A full commercial electrical installation across the newly extended and refurbished The Clover Leaf Cafe at Chacewater Garden Centre, covering three-phase power distribution, decorative lighting, catering power circuits, electric heating supplies, and fire detection first fix - all completed to current wiring regulations with an Electrical Installation Certificate issued on completion.
Commercial cafe refurbishments don’t follow a simple formula. When a venue is expanding its footprint and simultaneously redesigning its existing spaces, the electrical scope tends to grow in every direction at once – new circuits layered alongside legacy wiring, high-level cable routes across extended structures, and a catering area that demands far more power than the average domestic or light commercial setup. That was exactly the brief for this project at The Clover Leaf Cafe, part of Chacewater Garden Centre, where we carried out a comprehensive electrical fit-out covering the new extension, the refurbished seating areas, the serving counter, heating circuits, and the first-fix fire detection wiring throughout the new section.
The foundation of the whole installation was a new three-phase power supply route. A 10mm five-core steel wire armoured cable was pulled from the main incoming distribution board and routed at high level, clipped to the rafters across the building. To carry out this work safely and without the need for hired scaffold towers, we used an on-site scissor lift. The cable terminated into a new eight-way three-phase consumer unit, positioned within the catering office area to give a logical, accessible distribution point for all the new circuits feeding the cafe. Working from a dedicated sub-distribution unit like this keeps the installation clean and straightforward to maintain – any future changes or additional circuits can be picked up from a single point rather than running back to the main board each time.
From that distribution unit, circuits were run out to serve every area of the venue. The new cafe extension received its own lighting arrangement – twelve wall light fittings supplied by the client, five pendant fittings including two three-gang cluster pendants, and two exterior wall lights positioned either side of the patio doors, all controlled via one-way switches. An emergency bulkhead was also installed in the extension, fitted with a key switch test point as required for commercial premises. The existing seating area was rewired for twenty-two wall fittings and a further six pendants, with individual one-way switch control throughout. A neat feature of the existing area was the indirect LED lighting installed within the Dog House sign itself – a detail that required careful wiring to sit flush within the built structure and give a clean, even result when lit.
The serving area is where the power demands really step up. Fourteen double socket outlets were installed around the counter, alongside a dedicated 20-amp supply for the water heater with its own local isolator, two 16-amp supplies for coffee grinders, and a 32-amp single-phase circuit feeding two 16-amp coffee machine outlets – again with a local isolator switch for safe isolation when required. All sockets and isolator switches within the counter area were finished in decorative matt black to match the design intent of the space, a specification that ran through the extension and seating areas too. USB-A and USB-C charging outlets were incorporated into the double sockets throughout the customer areas, including sockets built into the base of the bench seating – a practical detail for any modern hospitality venue.

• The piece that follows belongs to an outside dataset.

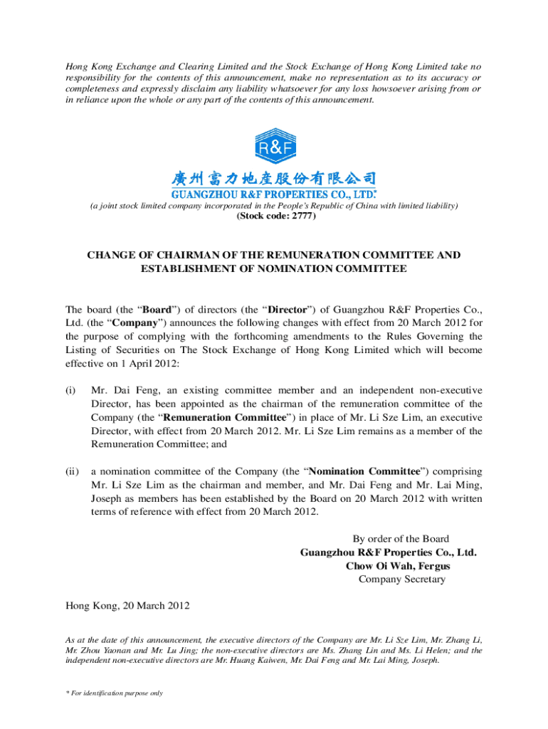 Hong Kong Exchange and Clearing Limited and the Stock Exchange of Hong Kong Limited take no responsibility for the contents of this announcement, make no representation as to its accuracy or completeness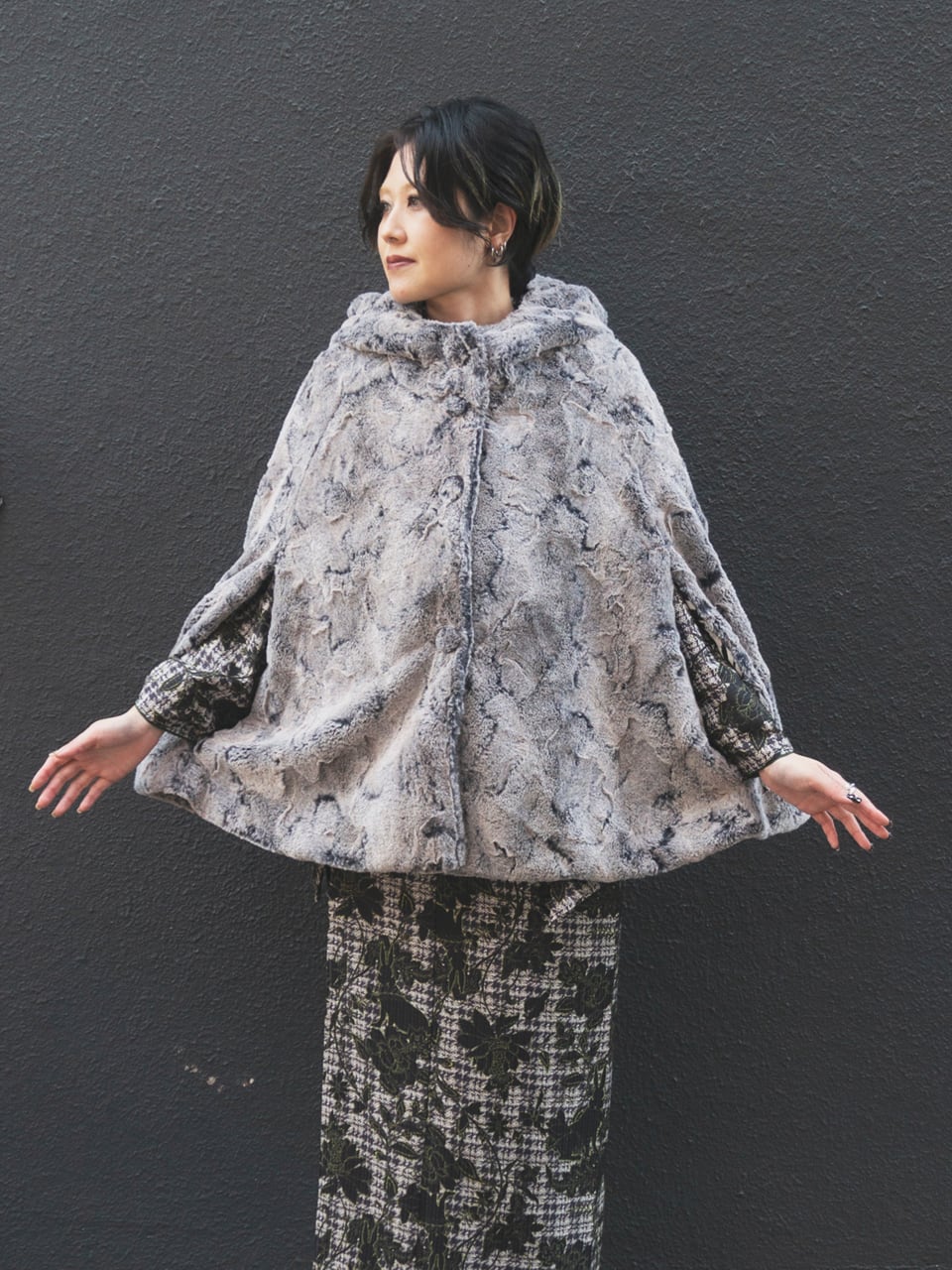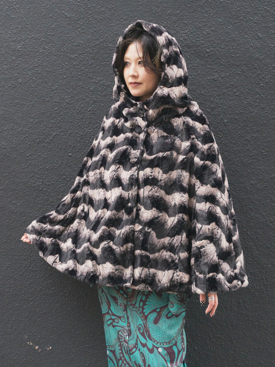 髪の毛を結ってもすっぽりかぶれる大きなフードが特徴のマントコート。

Eight separate electrical supplies were run for electric radiators across the cafe, each with its own local isolator switch. The radiator units themselves were to be fitted separately, but having dedicated, individually switched feeds in place means the heating can be managed room by room without everything running from a single circuit. For a space that operates at different occupancy levels throughout the day, that flexibility makes a real difference to how the heating can be controlled in practice.
On the external side of the building, two IP-rated single-gang socket outlets were installed in the staff area, intended to serve walk-in refrigeration equipment. These circuits were kept entirely separate from the customer-facing power, which is standard practice in catering environments where kitchen and refrigeration loads need their own dedicated provision.
Cable routes throughout the masonry walls were formed using dustless extraction equipment – a channel cutting method that controls debris rather than filling the entire space with dust during an active refurbishment. Where cabling needed to pass through plasterboard, any holes were patched and first-filled on completion, leaving surfaces ready for the fine filling and decoration to be carried out by the finishing trades.
The fire detection first fix in the cafe extension covered wiring to three detector and alarm points, with all cabling run in FP200 mineral insulated fire-resistant cable. First fix at this stage means the cabling is in position and ready for the detector heads and panel connections to follow once the building works are at the right point, without needing to return and re-open walls or ceilings.
With all circuits installed across the extension, the existing seating area, the serving counter, and the staff side of the building, full electrical testing was carried out on every altered and newly installed circuit. An Electrical Installation Certificate was produced on completion, and the relevant Building Control Notification of Electrical Works was submitted – both required for any notifiable electrical work in a commercial setting and important documentation for the venue to hold going forward.